IN catalytic activities were assayed in the presence and absence of LEDGF/p75 using HTRF-based approaches.[41,44,48,55] In brief, the assay monitors the integration product by measuring the intensity of a time-resolved FRET signal between two fluorophores: one on the donor DNA substrate (viral DNA) which is labeled at its 5′ end with a Cy5 fluorophore and one on the acceptor DNA substrate (target DNA) which is biotinylated at its 5′ end allowing it to interact with a streptavidin-europium fluorophore reagent. In LEDGF/p75-dependent integration assays, the addition of cellular cofactor LEDGF/p75 is added to the reaction.

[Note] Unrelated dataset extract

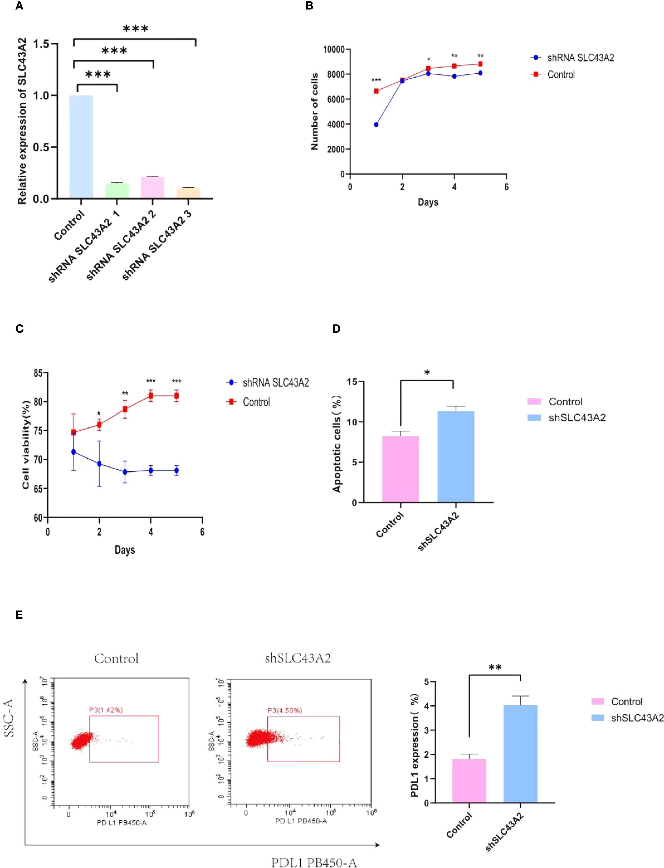 Figure 9. Verify the effect of SLC43A2 on tumor cells through in vitro experiments. (A) The knockdown efficiency of shRNA was verified by PCR. (B, C) The number and activity of U937 between the two groups were measured by flow cytometry. (D, E) Flow cytometry analysis showed that relatively high SLC43A2 expression promoted U937 apoptosis as well as PD-L1 expression. *P<0.05;**P<0.01;***P<0.001.

IN multimerization assays which measured the hyper-multimerization of 6xHis and Flag-tagged INs in the presence of inhibitors were previously reported.[25,41,48,55,73] In brief, this assay monitors the interaction between two full-length wild-type HIV-1 IN proteins: one containing a 6xHis tag and the other a C-terminal FLAG tag. Anti-6xHis-XL665 and anti-FLAG-EuCryptate antibodies (Cisbio, Bedford, MA) allow an HTRF signal upon IN–IN interaction.

HTS Data Availability

The detailed experimental setup is available in the Supporting Information methods. The results are deposited in PubChem BioAssay AID 743277 (overall summary) with a total of 370,276 compounds tested in the primary LEDGF/p75-dependent integration assay. This resulted in a hit set of 2355 active hits (AID 743269). Follow-up counterscreen (AID 1053135, 2020 compounds tested), dose response curves (AID 1053172, 239 compounds tested with 164 active and 34 with activity below 1 μM), and confirmatory screens (AID 1053171, 239 compounds tested with 101 active and 15 with activity below 1 μM) were performed. Additionally, the same 2020 compounds were selected for the secondary screen of IN multimerization assay which resulted in 731 active hits (AID 1053136) and the corresponding counterscreen (AID 1053131 with 343 active). Of the 731 and 343 hits that were found to be active in the secondary and counterscreens, 291 were common in both.

Antiviral Activity and Cytotoxicity Assay

The antiviral activities (EC50) of the compounds with pNL4-3 WT replication competent viruses were determined in the full replication cycle as described previously.[41,44] The cytotoxicity assays (CC50) were performed as described previously.[41]